The other line of approach is to keep your capture group. One simple way is:
r = /
id\/number\/ # match string
([[:alnum:]]{8}) # match >= 1 alphameric characters in capture group 1
/x
str =~ r
str[r, 1] #=> "2000GXZ2"
Alternatively, you could use String#sub to replace the entire string with the contents of the capture group:
r = /
id\/number\/ # match string
([[:alnum:]]{8}) # match >= 1 alphameric characters in capture group 1
.* # match the remainder of the string
/x
str.sub(r, '\1') #=> "2000GXZ2"
str.sub(r, "\\1") #=> "2000GXZ2"
str.sub(r) { $1 } #=> "2000GXZ2"
This is Ruby Regexp expected match consistency evilness. Some Regexp-style methods will return the global-match while others will return specified matches.
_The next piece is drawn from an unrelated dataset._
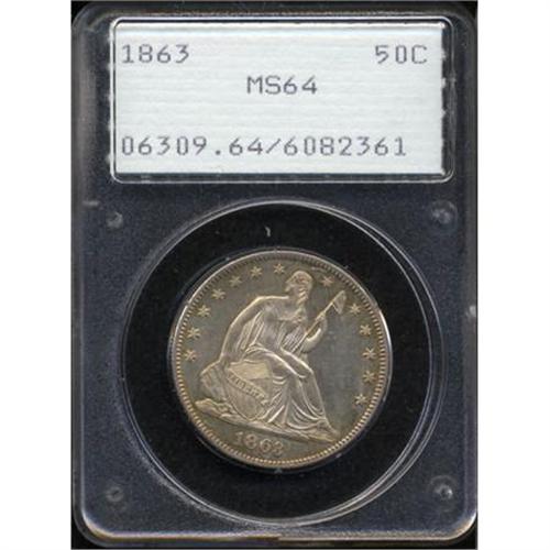 <B>1863 50C MS64 PCGS.</B></I> A lovely semi-prooflike Civil War near-Gem with caramel-gold peripheral toning. Intricately struck aside from the usual minor blending on the eagle's left (facing) ankle. Encapsulated in a first generation holder. A good value given its scarcity in Uncirculated grades. Population: 16 in 64, 12 finer (10/07).<BR><BR><B>Coin Engraver:</B> Christian Gobrecht<BR><BR><b>Shipping:</b> Coins & Currency (<a target="_blank" href="http://www.heritageauctions.com/common/shipping.php">view shipping information</a>)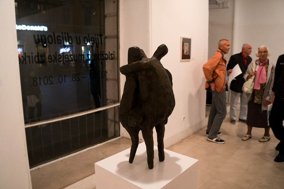 U sklopu izložbe u Malom salonu predstavljeno je dvadesetak radova nastalih u širokom vremenskom rasponu koji se međusobno razlikuju po stilu i tehnici. Međutim, radove objedinjuje središnja tema tijela i suodnosa tijela s drugim tijelima. Intimni i emocionalni trenutci tijela u dijalogu prikazani su u radovima renomiranih umjetnika (hrvatskih i stranih), kao što su Miroslav Kraljević i Miljenko Stančić.

In this case, one method we can use to get the behavior you're looking for is scan.
I don't think anyone here actually mentions how to get your Regexp working as you originally intended, which was to get the capture-only match. To do that, you would use the scan method like so with your original pattern:
test_me.rb
test_string="id/number/2000GXZ2/ref=sr"
result = test_string.scan(/(?:id\/number\/)([a-zA-Z0-9]{8})/)
puts result
2000GXZ2
That said, replacing (?:) with (?<=) for non-capture groups for look-behinds will benefit you both when you use scan as well as other parts of ruby that use Regexps.